Daily life in Vijayanagara during the 15th century
A grounded look at South India's great capital, where bazaars, temples, irrigation, horses, craft workers, farmers, and households shaped daily life.
Vijayanagara was one of the largest cities of the medieval world. In the 15th century, its temple complexes, royal center, bazaars, irrigation works, craft quarters, and surrounding fields supported a diverse population of merchants, soldiers, priests, artisans, farmers, servants, and visitors.
Housing and Living Spaces
Homes ranged from modest dwellings of earth, timber, and thatch to elite compounds with courtyards and service areas. Domestic space supported cooking, storage, weaving, animal care, family ritual, and small business. Urban neighborhoods were tied to markets and temples.
Food and Daily Meals
Meals included rice, millets, pulses, vegetables, spices, dairy, fruits, oil, and meat or fish depending on community and status.
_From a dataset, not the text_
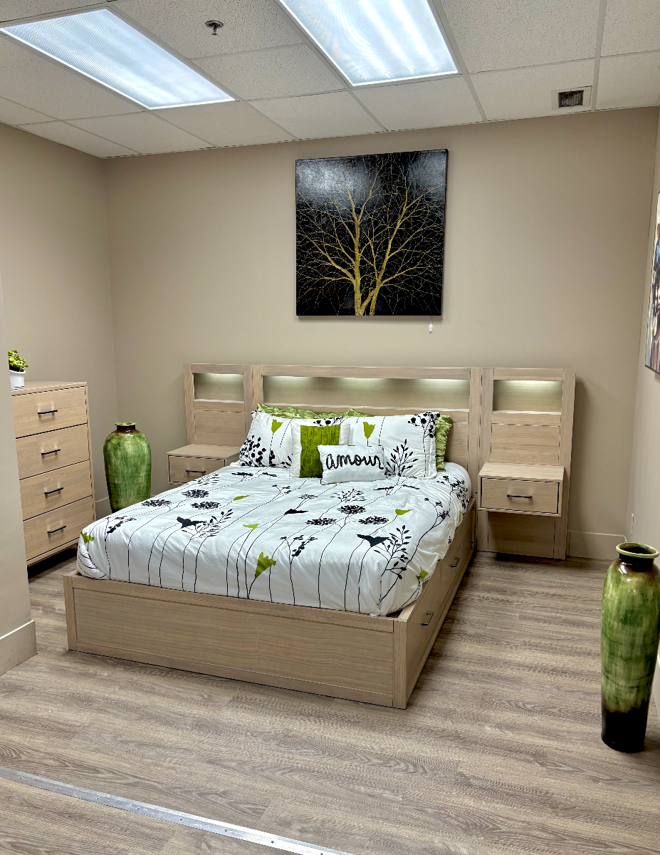 Belmont Queen Size HB, Ground Level Side Storage Bed with 2 Drawers on each side and Floating Nightstand on each side.Displayed in Ivory Stain.Material: Solid Pine Wood.Width: 107″Height: 49″Depth: 85″Read More
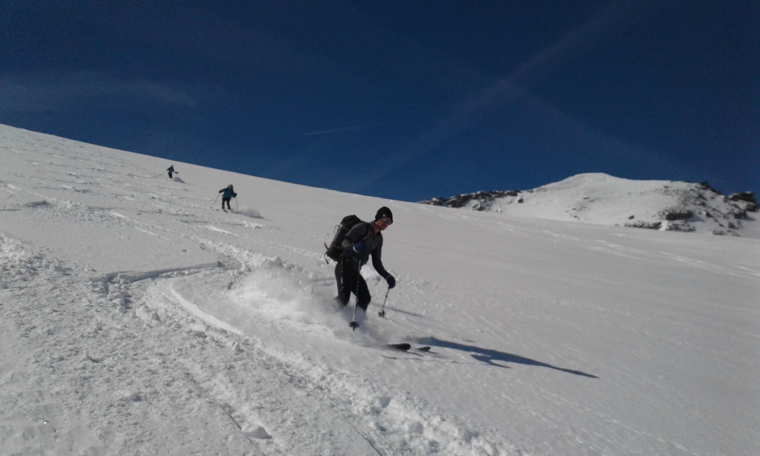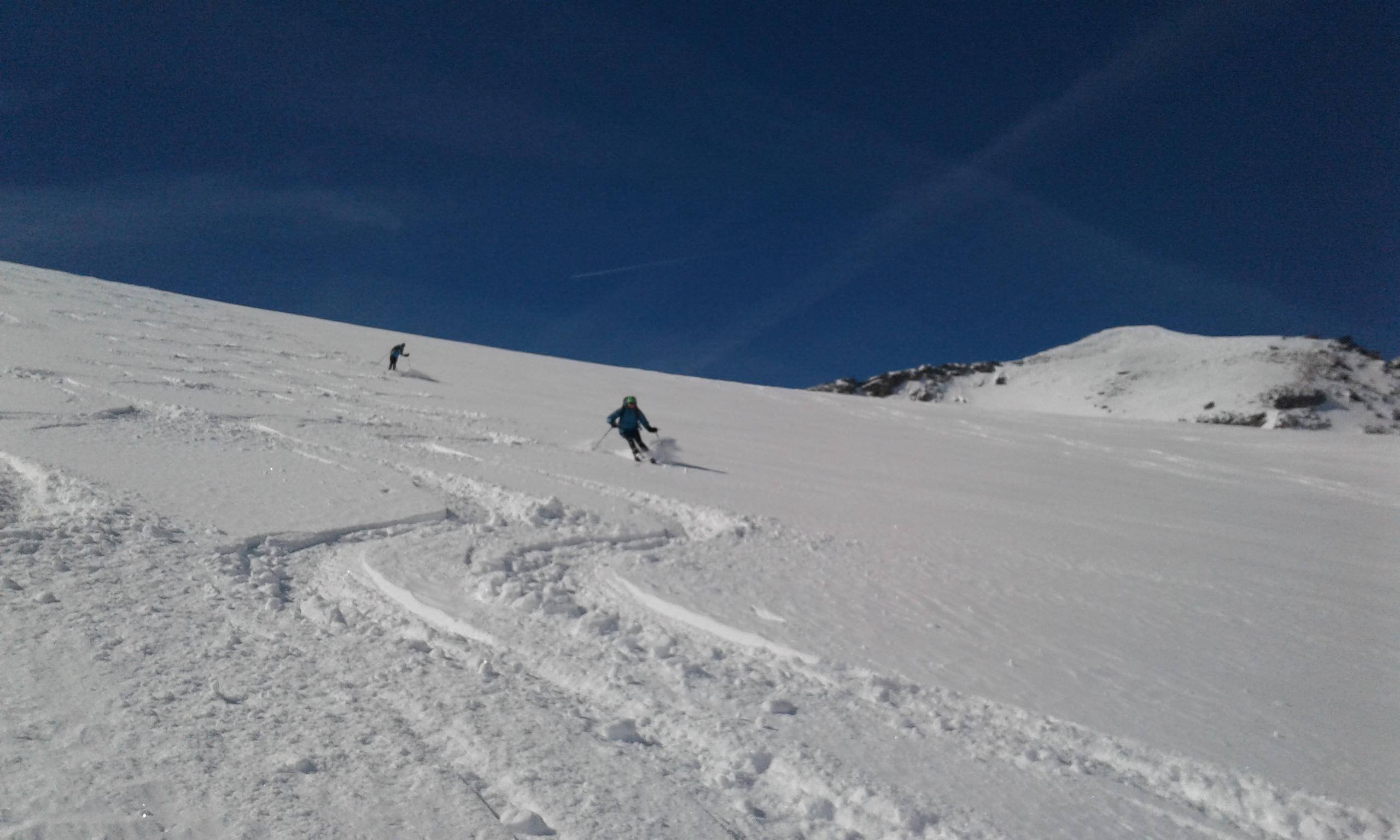 Traumhafte Abfahrt über steile Hänge und Pulverschee bis zum Weißsee.

Irrigation tanks and canals supported food supply, while markets sold cooked foods and regional goods.
Work and Labor
Work included farming, irrigation maintenance, textile production, metalwork, stone carving, temple service, horse trading, market selling, transport, and military service. Bazaars connected local producers to long-distance merchants.
Social Structure
Society included rulers, nobles, soldiers, priests, merchants, craft specialists, farmers, servants, enslaved people, and foreign traders. Status depended on court ties, temple roles, wealth, caste and community, occupation, and access to land or trade.
Tools and Technology
Tools included looms, chisels, carts, pack gear, irrigation works, weighing equipment, coins, lamps, pottery, and metal implements. Water control and market organization were central technologies.
Clothing and Materials
Clothing used cotton, silk for elites, wool in some contexts, leather, jewelry, turbans, draped garments, belts, and work clothing. Textiles were both daily necessities and major trade goods.
Daily life in Vijayanagara adds medieval South Indian urban scale and bazaar life to the section.